Activity:
An exact copy of every line from the one holding "Gianni Girolamo (Napoli" to the end of the entries below is required; leave the pictures out.

(Excerpts from a dataset)
■ ■ ■

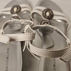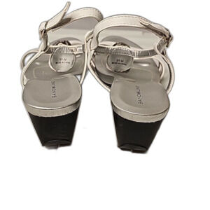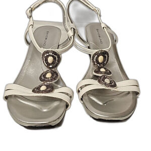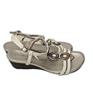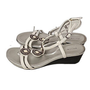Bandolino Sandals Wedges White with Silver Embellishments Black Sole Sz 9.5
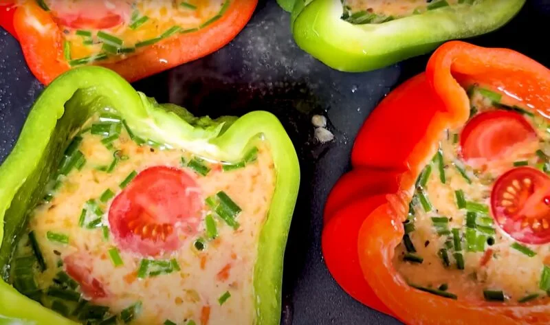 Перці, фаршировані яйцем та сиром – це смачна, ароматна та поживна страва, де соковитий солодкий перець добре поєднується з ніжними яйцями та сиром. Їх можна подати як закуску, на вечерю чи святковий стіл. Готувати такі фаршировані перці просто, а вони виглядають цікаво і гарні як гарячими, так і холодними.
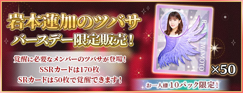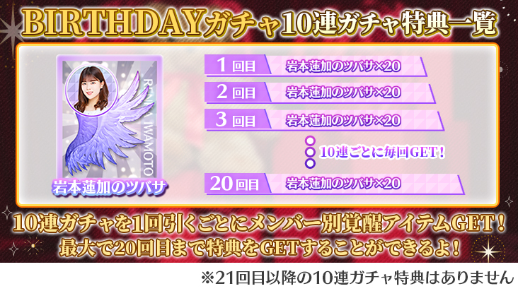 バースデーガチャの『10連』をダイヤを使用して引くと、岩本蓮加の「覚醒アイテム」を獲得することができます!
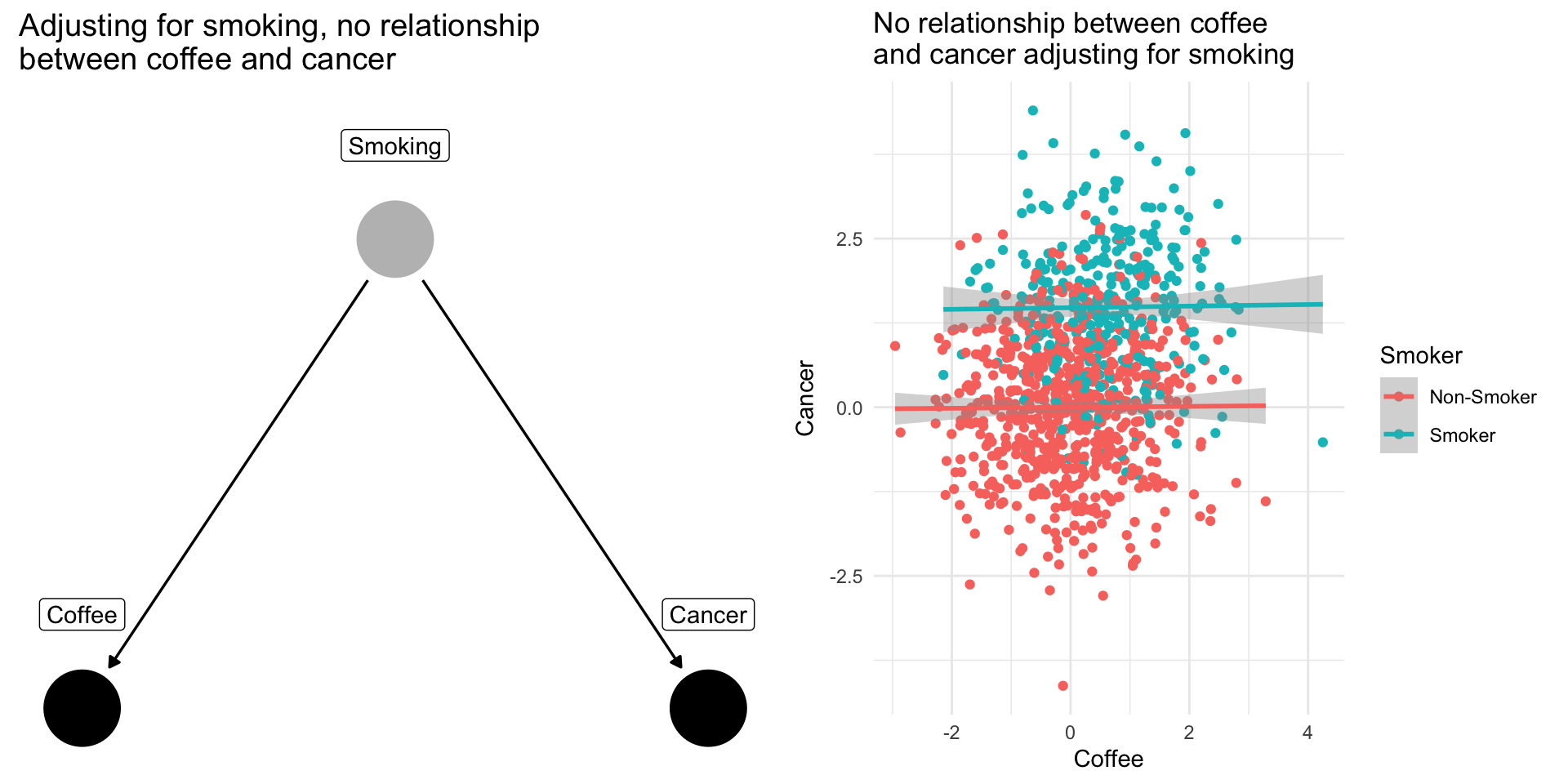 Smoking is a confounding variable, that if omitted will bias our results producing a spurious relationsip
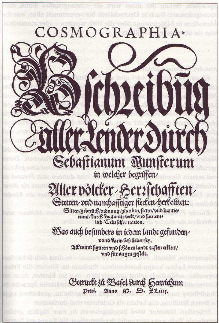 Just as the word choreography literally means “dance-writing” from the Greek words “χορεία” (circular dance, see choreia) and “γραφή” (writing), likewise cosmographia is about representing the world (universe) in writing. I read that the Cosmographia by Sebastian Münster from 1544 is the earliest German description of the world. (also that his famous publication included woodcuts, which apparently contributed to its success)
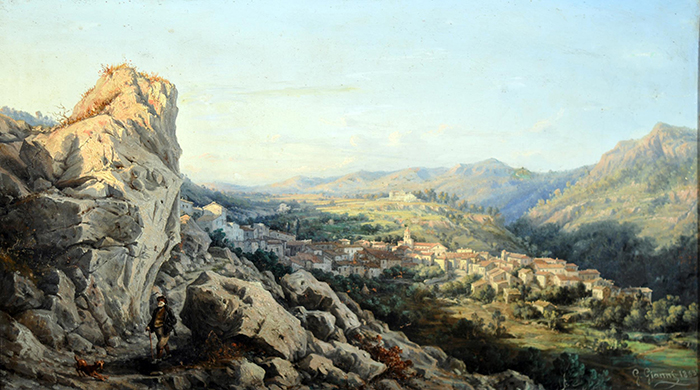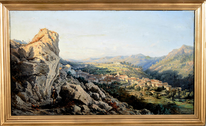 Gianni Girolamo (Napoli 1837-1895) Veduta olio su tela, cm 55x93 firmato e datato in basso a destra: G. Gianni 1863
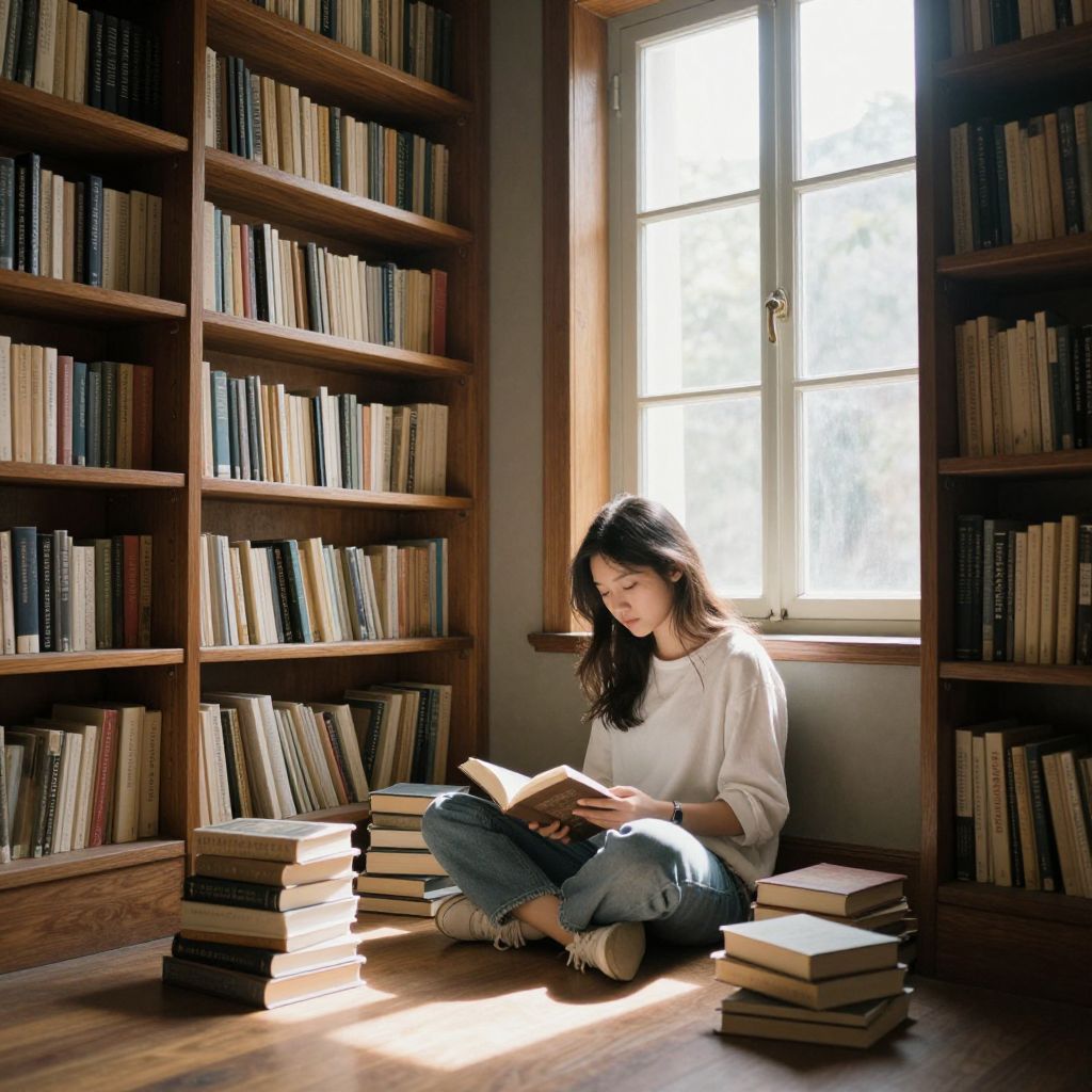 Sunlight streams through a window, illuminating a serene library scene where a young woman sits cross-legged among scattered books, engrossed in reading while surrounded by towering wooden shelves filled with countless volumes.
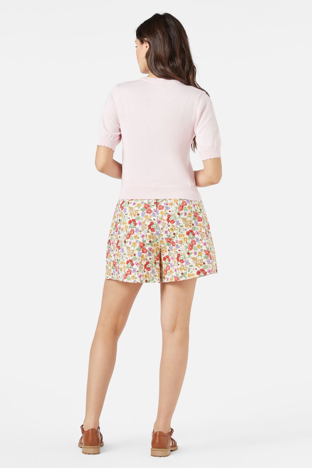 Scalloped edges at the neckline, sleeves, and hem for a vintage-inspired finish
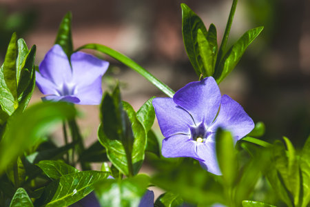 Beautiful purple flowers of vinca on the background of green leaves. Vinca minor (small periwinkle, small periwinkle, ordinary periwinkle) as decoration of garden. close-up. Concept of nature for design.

■ ■ ■

Solution to this exercise:
 Gianni Girolamo (Napoli 1837-1895) Veduta olio su tela, cm 55x93 firmato e datato in basso a destra: G. Gianni 1863
 Sunlight streams through a window, illuminating a serene library scene where a young woman sits cross-legged among scattered books, engrossed in reading while surrounded by towering wooden shelves filled with countless volumes.
 Scalloped edges at the neckline, sleeves, and hem for a vintage-inspired finish
 Beautiful purple flowers of vinca on the background of green leaves. Vinca minor (small periwinkle, small periwinkle, ordinary periwinkle) as decoration of garden. close-up. Concept of nature for design.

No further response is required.